A couple of days ago, I injured my left foot. It’s a trivial injury and I’m confident that it will heal in a few days, but I thought that I would make use of it as an example of PIP form-filling.
The PIP moving-around test is about whether you can stand, and then move, outdoors, without too much pain, in a reasonable time, whenever you might need to in the day. It includes looking at whether you can manage kerbs.
So, if my injury was a long term thing and I needed to claim PIP mobility, this is what I would tell them in the form:
Sitting
When I am sitting, with my feet flat on the floor I have continuous pain in my left foot.
There is a band of pain that runs from the outside of my ankle, across the front of my ankle to the inner side.
Also there is a patch of pain that runs from my ankle up the left side of my shin for about 15 cm
There is tingling-numbness that covers the left part of the top of my foot, from my ankle to just behind my middle, fourth and little toe
This is all low-grade pain (3/10) that is present all the time, but it can get quite a lot worse (5/10) in the evening.
While sitting there is no significant pain in the sole of my foot.
Standing
I can stand-from-sitting easily, putting most of my weight on my right leg.
Having stood up, if I put my weight evenly through both feet I get significant pain in the heel and the ball of my left foot. (4/10)
If any pressure is applied to the arch of my foot, this is very painful (6/10 or 7/10).
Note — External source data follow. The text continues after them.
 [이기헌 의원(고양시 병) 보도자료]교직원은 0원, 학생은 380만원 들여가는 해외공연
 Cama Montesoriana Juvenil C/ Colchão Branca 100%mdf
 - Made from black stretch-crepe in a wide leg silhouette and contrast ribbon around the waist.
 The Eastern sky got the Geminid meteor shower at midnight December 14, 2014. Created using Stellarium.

While standing I get jets of short sharp pain from my ankle, up the left hand side of my shin.
All of these pains become much more intense as the day goes on.
Walking
Because putting weight on my left foot is so painful my gait has become very laboured.
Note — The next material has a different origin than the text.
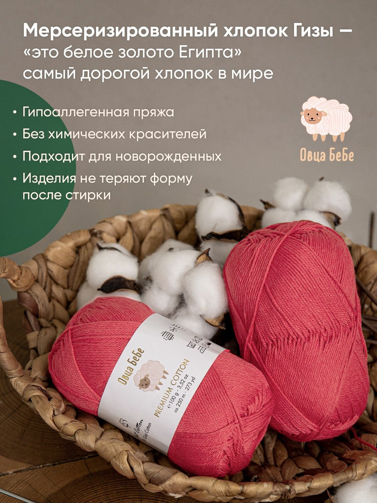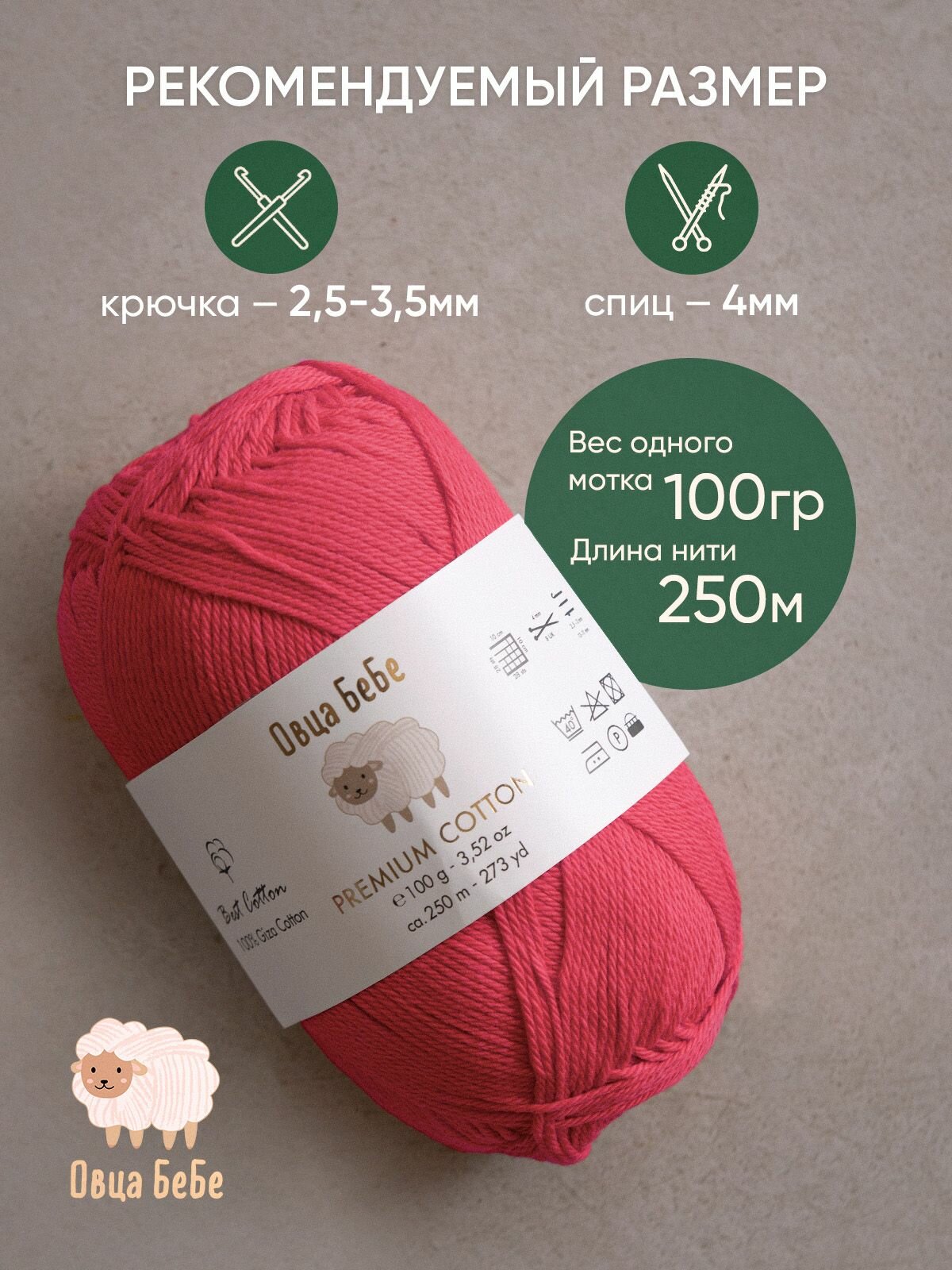 Отзывы на Пряжа для вязания Premium Cotton Giza, цвет розовый (набор из 2 шт), 100% мерсеризованный хлопок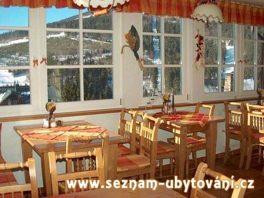 Součástí hotelu je restaurace s barem, která je hostům k dispozici denně cca od 8 do 10 hod. v době podávání snídaní a pak od 15 do 22 hodin. Snídaně jsou podávány bufetovou formou.

If I dorsiflex my ankle (bringing my toes closer to my knee) the continuous pain in my ankle, and the pressure-related pain in the bottom of my foot both become much more severe.
I cannot put my right foot in front of my left foot because doing so causes the severely painful dorsiflexion. Even having my feet together causes this.
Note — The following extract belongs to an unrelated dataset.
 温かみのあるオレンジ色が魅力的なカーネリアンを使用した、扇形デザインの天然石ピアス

So, standing with my left foot about 15 cm in front of the right, walking forward would go like this:
…..With my weight on my right foot, I move my left foot forward about 30cm (a foot)
…..I shift my weight to my left foot, causing a lot of pain, and briskly bring my right foot to about 15cm behind the left
…..I put my right foot down, putting my weight upon it and relieving the pain in the left
I can do this maybe thirty times before I need to stop.
I then stand with my weight on my right foot, lift my left foot slightly and slowly rotate it mobilising the ankle five or six times, and then I begin walking again.
I can use a walking stick to help me stay balanced as I hobble along, but it does not fundamentally change what I have described.
During the day I could walk more than 200 meters in this way but all walking causes an unacceptable degree of pain.
My walking speed is much slower than normal, taking, over any distance, much more than twice as long as it did before my injury.
All of these difficulties become much more severe as the day goes on. I would not attempt to walk more than a few meters, outside, during the evening.
Kerbs
Because I cannot bear weight on my left foot without pain, kerbs are difficult.
Stepping up, I lift my right foot onto the kerb, causing significant pain while the weight is on the left, and then as quickly as I can, I put my weight onto the right foot to relieve the pain in the left, and bring the left foot up to the higher level.
Stepping down is easier, because I can very quickly drop my right foot down on to the lower level, so the pain in my left foot is much shorter.